With the “Free the Nipple” protest in Brighton Park just finishing, it prompted us to ask: “Is America ready to free the nipple for equality?”
Yes it is
Is America ready to free the nipple for equality?
Well let’s look at that sentence for a second. “Free the nipple for equality.” Equality. EQUAL. How am I supposed to sleep at night knowing I can whip my nipple out at any given time with no repercussions whatsoever, but you, the opposite sex, aren’t allowed to do the same? What is this, 1850? Women can still vote, right?

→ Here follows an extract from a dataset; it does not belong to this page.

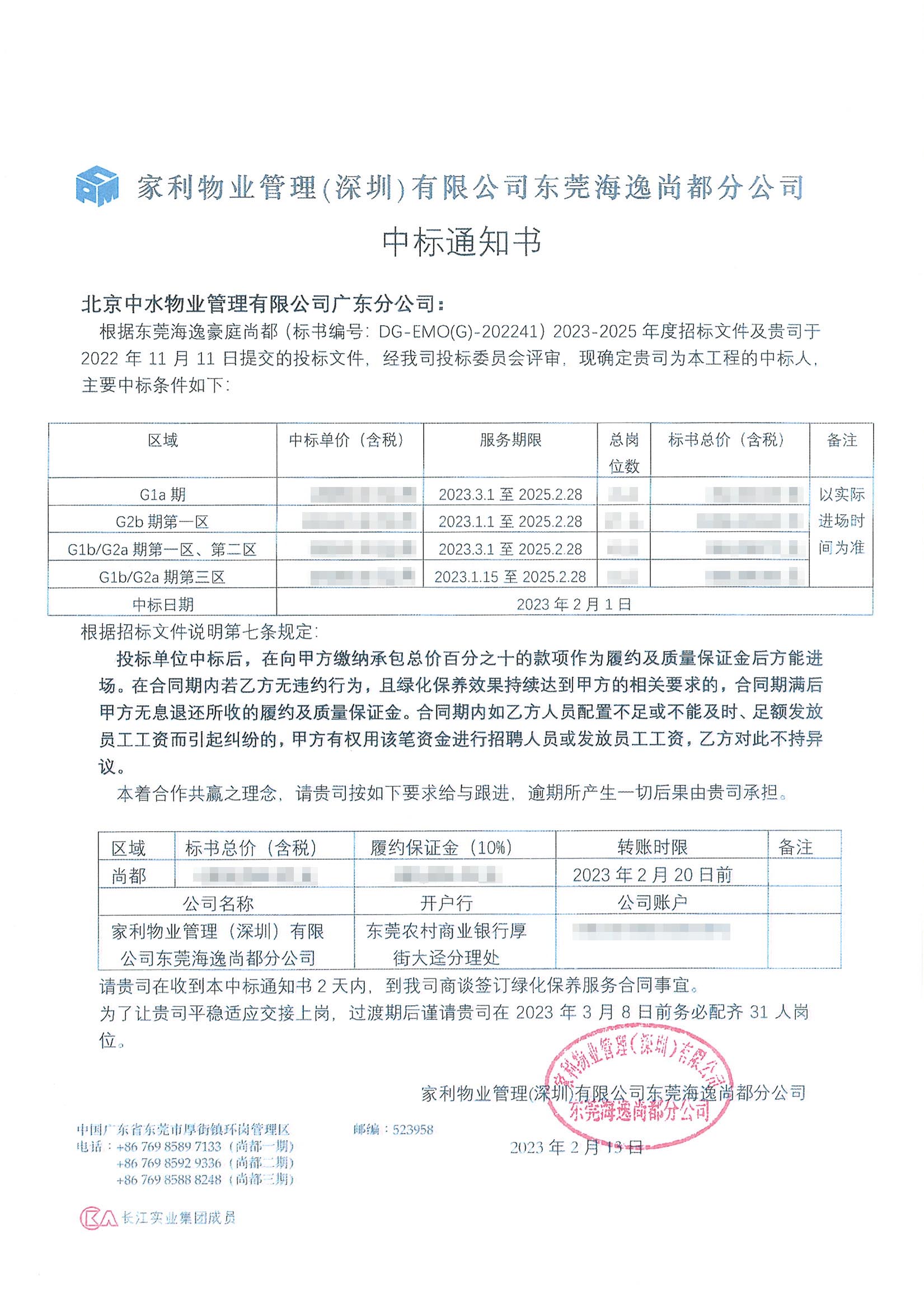 中水物业成功中标广东东莞海逸豪庭尚都绿化养护服务项目

And besides. With equality in mind, how is it fair, that you, the America woman, get to ogle my man nipples all day long while I sit in the wave pool at the waterpark in 90 degree weather while I, I, the American male have to sit and wonder if you’re packing silver dollar pancakes, or FDR dime-sizers? This IS still America right? What are we telling future generations when we show them that nipples are fine, but nipples that are SLIGHTLY further away from the body are a portal to hell and should not be talked about? We all have nipples, America. And they should be celebrated, not hidden underneath a staircase in the home of a British family who doesn’t appreciate them. Nipples have their own energy, or life force, if you will. Their natural environment is blowing in the wind. Why don’t you send them home? Their bags are packed, they have their pIane ticket. Bring them to the airport. Send them home.
No, it is not
Empowerment and equality are a mindset. Build a strong, confident young lady, and get yourself a powerful woman. Symbolically, this is cute. But I don’t want to see my daughter’s, my mother’s or my neighbor’s nipples to say ‘Hooray for equality!’

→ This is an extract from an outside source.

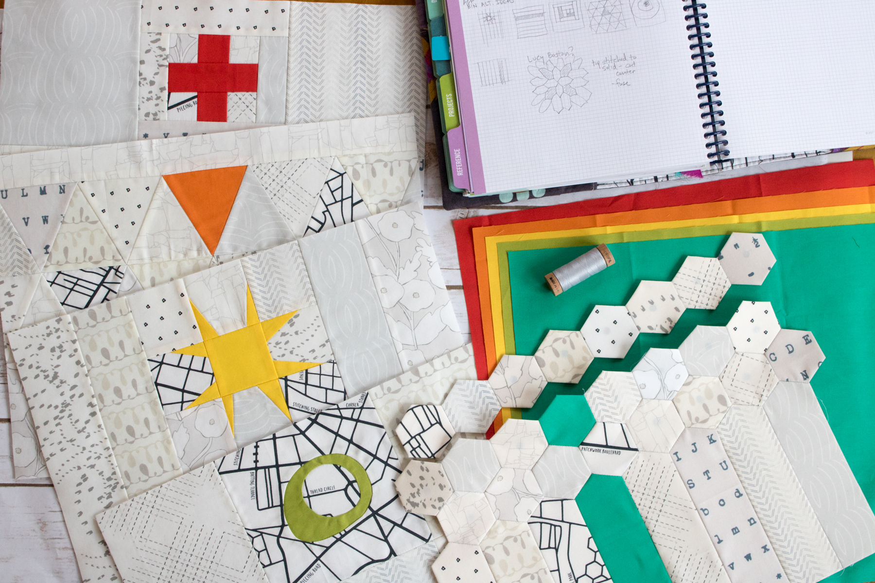 To get started, I sketched out a bunch of Skinny Bin design options in my Quilter’s Planner over the course of a week or so. I absolutely love the handy graph paper section of the planner! The first design that came to mind was the hexagon English Paper Pieced (EPP) Skinny Bin. I jokingly call it iBin because of the design that appears when using the extra-long hexagons I used for the bottom of the bin. Even with the time-saving elongated hexagons, I decided that rather than EPP ALL of the bins, why not mix it up and try a whole selection of block designs?!

I could just imagine “Free the Nipple” turn into “Free the Va-jay-jay.” Then what? We start justifying that cause by saying “All of us came out of one, so why can’t I go bottomless?”
This idea wreaks of an abusive man sitting in a basement and watching it unfold as now women are standing behind the cause saying, “Let me show my nipples because men do it!” And the guy who started it is sweating with excitement as the issue sporadically comes to a climax. And just where has that gotten you for women’s equality?